Those fortunate enough to have work (guilty as charged) and not buried under a mountain of personal debt are being offered more value for many products and services. Life is actually okay too for many who have retired on funded pension schemes that provide income for households in an age cohort where mortgages and dependent children are a distant memory.

The killing-zone in this economic horror show is positioned among the youngest and they are and will continue to pay a heavy price for the institutional failures of the last five years globally. Not only are their employment prospects bludgeoned but the probability is that personal and indirect tax rates are likely to rise over the next decade as governments continue to rebuild national finances. And, oh yeah, interest rates around the world are at record lows too, so anyone planing to use debt must assume a rising cost for servicing borrowings over the next decade or so.

This cheery analysis has one fatal flaw. It assumes that younger people in a democracy have no voice. That’s just not true. Furthermore, they have energy levels, knowledge skills and health attributes that their elders never had.
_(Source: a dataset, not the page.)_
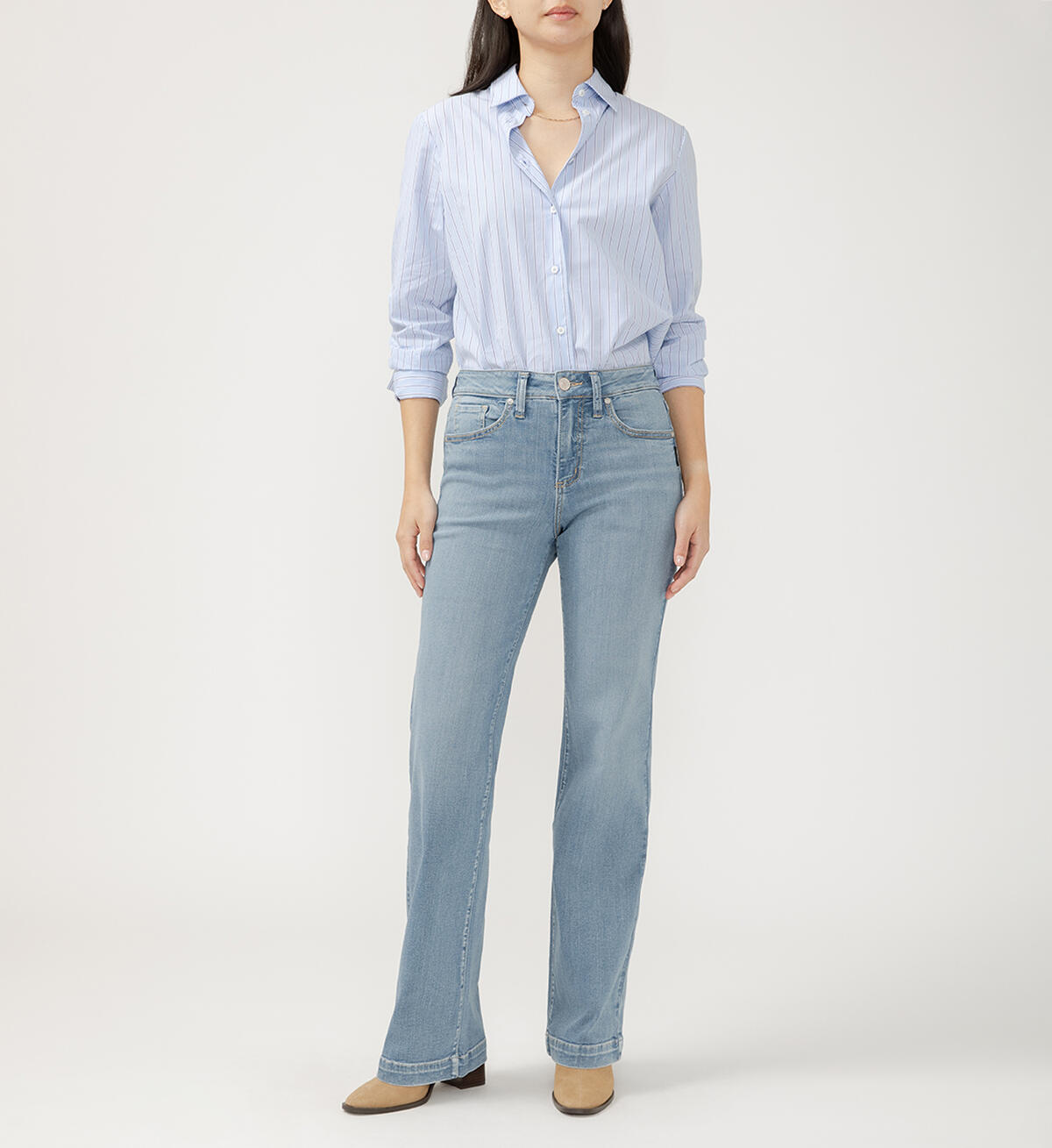 Searching for the perfect curvy fit jeans? Meet Avery—designed to flatter those with a smaller waist and fuller hips. These women’s high rise jeans provide extra coverage, while a contoured waistband prevents gapping. Finished with ease in the hip and thigh for curve-hugging perfection.

Tapping in to these resources is a challenge for any politician or political party but consider the potential force that could be harnessed if a leader can detail a future that aggressively tackles austerity,divines a set of policies that can light up employment creation and radically attacks the status quo in Europe.

The prevailing employment crisis is fertile ground for such a movement. Europe’s leaders must hope it is a constructive force and does not revert to the troubled templates of the past.

It is surely time to have a more thorough review of the austerity culture that has transfixed policymakers, politicians and central bankers in Europe. It is clear that influential elements inside the IMF, which is known for its hardline stance historically, are now more concerned about the absence of growth than a quick adjustment of national finances.

One of the world’s leading bond investors, Bill Gross of PIMCO, has recently shifted his views towards advocating more growth policies in the UK and eurozone. Coupling these institutional voices with a political party that majors on radical employment creation options could unlock the unseemly mess that currently defines Europe.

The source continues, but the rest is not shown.